À la mort de son père, Mirtes revient se fixer à Coronel Fabriciano où elle retrouve sa mère qu’elle adore et ses six frères et soeurs. Jolie et coquette, elle ne tardera pas à trouver un compagnon et deux autres petites filles viendront agrandir la famille qui vit dans une masure d’environ 60 m2 : une pièce obscure, toute en longueur et une sorte de véranda couverte servant de cuisine. Jusqu’à ce jour, pas une table, pas une chaise. On mange et regarde la télé assis sur les lits, on fait ses devoirs agenouillés au pied du lit...
Benedito, le compagnon, est un homme calme, doux... mais un alcoolique invétéré : “Sa mère lui mettait de la cachaça, l’alcool local, dans le biberon, pour le faire dormir”, me confiait Mirtes. Retraité suite à un accident ayant laissé des séquelles, il passe ses journées au bar et ne rentre que pour se coucher. Mirtes, elle, fait des ménages quatre ou cinq jours par semaine et les enfants s’élèvent un peu tout seuls, plus dans la rue que dans cette maison qui n’a rien pour les retenir.
Mirtes vient d’avoir 40 ans. Insatisfaite sur le plan affectif, elle finira par prendre un amant, jeune et beau mais ... alcoolique lui aussi. Enceinte, ils partiront chez les parents de ce dernier dans un coin perdu à la campagne. Mirtes a emmené avec elle ses 4 filles ainsi que Gabriela, premier enfant de Mariana dont elle a la garde juridique. Mariana est restée avec son beau-père et Albert, son second enfant.

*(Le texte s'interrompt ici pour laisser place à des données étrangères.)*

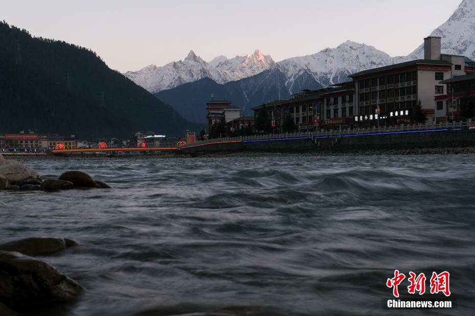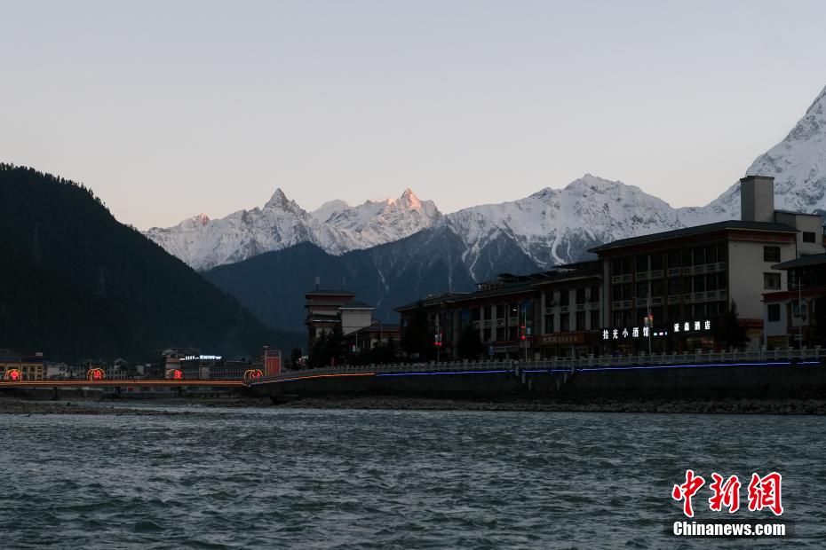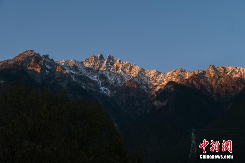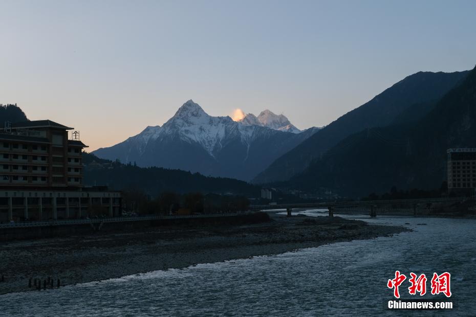 西藏自治区林芝市波密县高山绵延、河流纵横,拥有青藏高原最大的冰川聚集地,县域境内冰川超过2000座,被誉为“冰川之乡”。图为12月14日,夕阳照在波密县城周边的雪山顶上,出现“日照金山”的景象。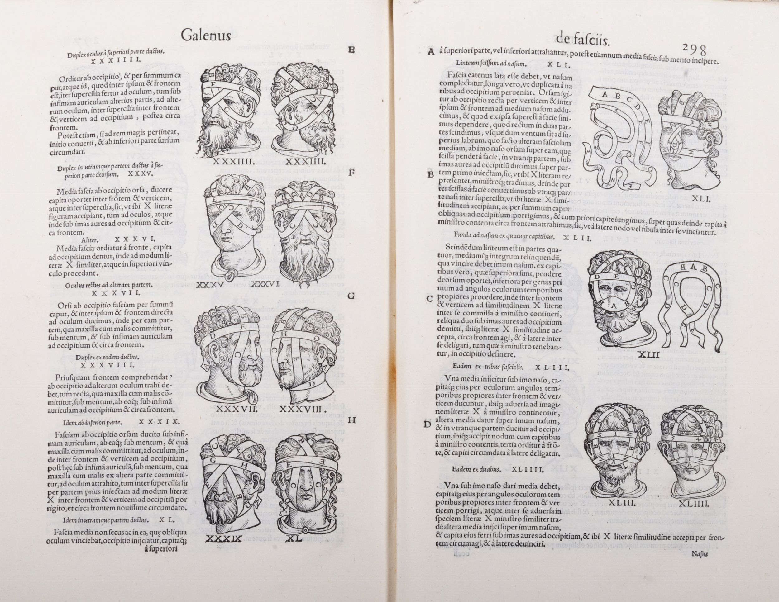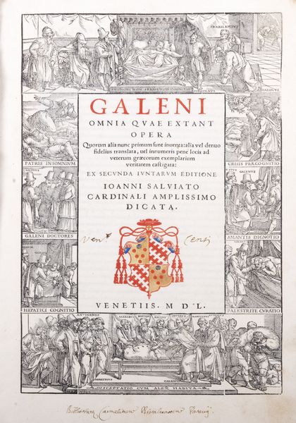 Venezia, Giunta, 1550. In 2°. 7 tomi in 6 voll. Tomo I con frontespizio stampato in rosso e nero e con una larga bordura xilografica con scene di natura medica, al centro lo stemma del dedicatario Cardinale Giovanni Salviati con aggiunte miniate in giallo, blu e in oro per la croce cardinalizia, testatine allegoriche xilografiche, capilettera e fregi, ciascun tomo con frontespizio xilografico e marca all'inizio ed in fine, esemplare di studio con annotazioni di mano antica ai margini , qualche macchia ed aloni, alcune carte lente, legatura in pergamena dell'epoca manoscritto lungo il dorso, difetti e mancanze. Firma di appartenenza ai frontespizi.

Pendant quelques mois, nous serons pratiquement sans nouvelles. Naît un petit garçon et un beau jour, Mirtes réapparaît avec toute sa famille, excepté son compagnon. Que s’était-il passé? Mirtes s’est rendue compte que son ami avait séduit la seconde de ses filles alors âgée de 13 ans. Elle décida donc de rompre et de revenir à Coronel Fabriciano. Trop tard déjà, hélas! Albiana était déjà enceinte. Le Conseil de Tutelle pour mineurs fut actionné, mais se montrera peu efficace. L’homme, réputé violent, ne sera jamais appréhendé. Albiana décidera de retourner vivre avec lui et à 17 ans, elle se retrouvera avec 3 enfants. Comme, depuis le premier jour, elle se montre incapable de les élever, deux seront à charge de Mirtes et la petite dernière à celle d’une famille d’accueil.

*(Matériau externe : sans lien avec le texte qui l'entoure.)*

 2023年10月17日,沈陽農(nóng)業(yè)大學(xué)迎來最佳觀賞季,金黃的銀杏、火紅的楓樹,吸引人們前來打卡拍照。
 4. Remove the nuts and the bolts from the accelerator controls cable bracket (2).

Le Conseil de Tutelle fait une apparition de temps à autre et menace régulièrement de retirer les enfants à cause de la précarité de l’habitation. Il est vrai que les conditions de logement sont lamentables, l’hygiène précaire... mais que peut faire cette femme?
Elle s’est mariée il y a deux ans, le rêve de sa vie!  Jailton est un homme sobre et travailleur. Mais depuis un an, il est venu agrandir la liste des 14 millions de chômeurs du Brésil. L’argent que Mirtes gagne en faisant ses ménages suffit à peine pour l’alimentation, l’eau, l’électricité, les médicaments... La Conférence de St Vincent de Paul a déjà étudié le cas, mais il est vrai que la situation est difficile. La maison est encastrée dans la favela sans le moindre espace pour agrandir. Les murs, régulièrement infiltrés par l’eau de pluie ne supporteraient pas un étage supérieur. Nous essayons actuellement de faire quelques petits aménagements, carreler le sol de terre battue, repeindre les murs intérieurs...
Si le cas de Mirtes est extrême, il n’est malheureusement pas le seul. Le gouvernement actuel, plongé dans des affaires de corruption qui dépassent l’entendement, ne pense qu’à se maintenir au pouvoir coûte que coûte, à promouvoir des lois qui bénéficieront surtout une certaine classe. Comme toujours, le peuple est la victime d’une malhonnêteté qui, comme un cancer, n’a fait que croître depuis des décennies.
Mais ne perdons pas courage. Si la lutte est difficile, l’espoir de jours meilleurs est toujours vif en nous.